People at CF recommend that I/we add this to prometheus node_exporter[0].
Perhaps somebody else already added this to some other FOSS tool?
--Jesper
[0] https://github.com/prometheus/node_exporter
^ permalink raw reply [flat|nested] 7+ messages in thread
* Re: [PATCH net-next v4] page_pool: Add page_pool_release_stalled tracepoint
2026-01-19 16:43 ` Jesper Dangaard Brouer
@ 2026-01-19 17:23 ` Jakub Kicinski
0 siblings, 0 replies; 7+ messages in thread
From: Jakub Kicinski @ 2026-01-19 17:23 UTC (permalink / raw)
To: Jesper Dangaard Brouer
Cc: Leon Hwang, netdev, Ilias Apalodimas, Steven Rostedt,
Masami Hiramatsu, Mathieu Desnoyers, David S . Miller,
Eric Dumazet, Paolo Abeni, Simon Horman, kerneljasonxing,
lance.yang, jiayuan.chen, linux-kernel, linux-trace-kernel,
Leon Huang Fu
On Mon, 19 Jan 2026 17:43:20 +0100 Jesper Dangaard Brouer wrote:
> On 19/01/2026 17.37, Jakub Kicinski wrote:
> > On Mon, 19 Jan 2026 18:21:19 +0800 Leon Hwang wrote:
> >> Introduce a new tracepoint to track stalled page pool releases,
> >> providing better observability for page pool lifecycle issues.
> >
> > Sorry, I really want you to answer the questions from the last
> > paragraph of:
> >
> > https://lore.kernel.org/netdev/20260104084347.5de3a537@kernel.org/
>
> Okay, I will answer that, if you will answer:
To be clear I was asking Leon about his setup :)
^ permalink raw reply [flat|nested] 7+ messages in thread
* Re: [PATCH net-next v4] page_pool: Add page_pool_release_stalled tracepoint
2026-01-19 16:37 ` Jakub Kicinski
2026-01-19 16:43 ` Jesper Dangaard Brouer
@ 2026-01-20 3:16 ` Leon Hwang
2026-01-20 23:29 ` Jakub Kicinski
1 sibling, 1 reply; 7+ messages in thread
From: Leon Hwang @ 2026-01-20 3:16 UTC (permalink / raw)
To: Jakub Kicinski
Cc: netdev, Jesper Dangaard Brouer, Ilias Apalodimas, Steven Rostedt,
Masami Hiramatsu, Mathieu Desnoyers, David S . Miller,
Eric Dumazet, Paolo Abeni, Simon Horman, kerneljasonxing,
lance.yang, jiayuan.chen, linux-kernel, linux-trace-kernel,
Leon Huang Fu
On 20/1/26 00:37, Jakub Kicinski wrote:
> On Mon, 19 Jan 2026 18:21:19 +0800 Leon Hwang wrote:
>> Introduce a new tracepoint to track stalled page pool releases,
>> providing better observability for page pool lifecycle issues.
>
> Sorry, I really want you to answer the questions from the last
> paragraph of:
>
> https://lore.kernel.org/netdev/20260104084347.5de3a537@kernel.org/
Let me share a concrete case where this tracepoint would have helped,
and why netlink notifications were not a good fit.
I encountered the 'pr_warn()' messages during Mellanox NIC flapping on a
system using the 'mlx5_core' driver (kernel 6.6).
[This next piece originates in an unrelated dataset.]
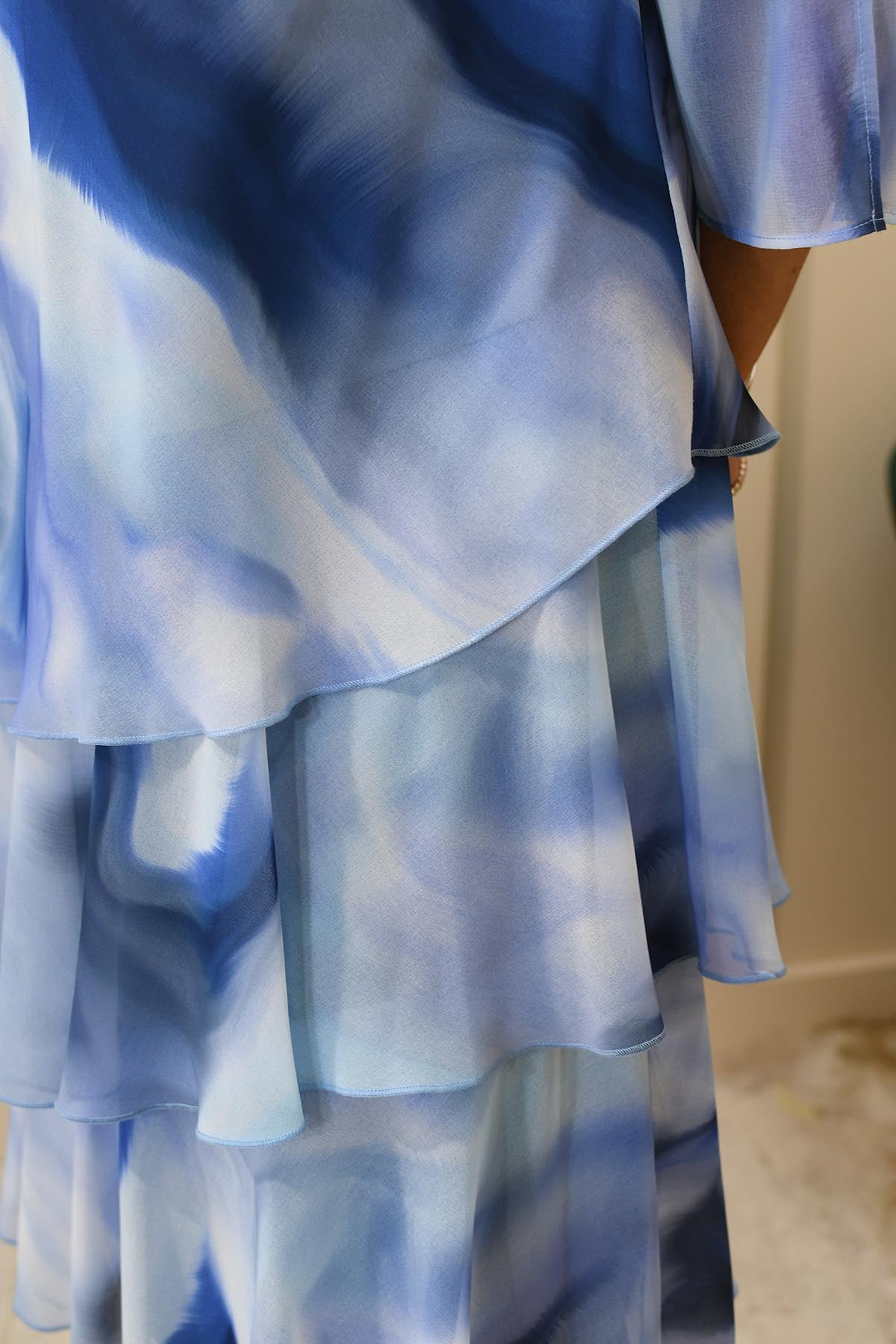 Godske Multi-Tonal Blue Cowl Neck Tiered Midi Dress- 18695 1129 61

The root cause turned
out to be an application-level issue: the IBM/sarama “Client SeekBroker
Connection Leak” [1].
In short, some TCP sockets became orphaned while still holding FINACK
skbs in their 'sk_receive_queue'. These skbs were holding inflight pages
from page pools. After NIC flapping, as long as those sockets were not
closed, the inflight pages could not be returned, and the corresponding
page pools could not be released. Once the orphaned sockets were
explicitly closed (as in [2]), the inflight pages were returned and the
page pools were eventually destroyed.
During the investigation, the dmesg output was noisy: there were many
inflight pages across multiple page pools, originating from many
orphaned sockets. This made it difficult to investigate and reason about
the issue using BPF tools.
In this scenario, a netlink notification does not seem like a good fit:
* The situation involved many page pools and many inflight pages.
* Emitting netlink notifications on each retry or stall would likely
generate a large volume of messages.
* What was needed was not a stream of notifications, but the ability to
observe and correlate page pool state over time.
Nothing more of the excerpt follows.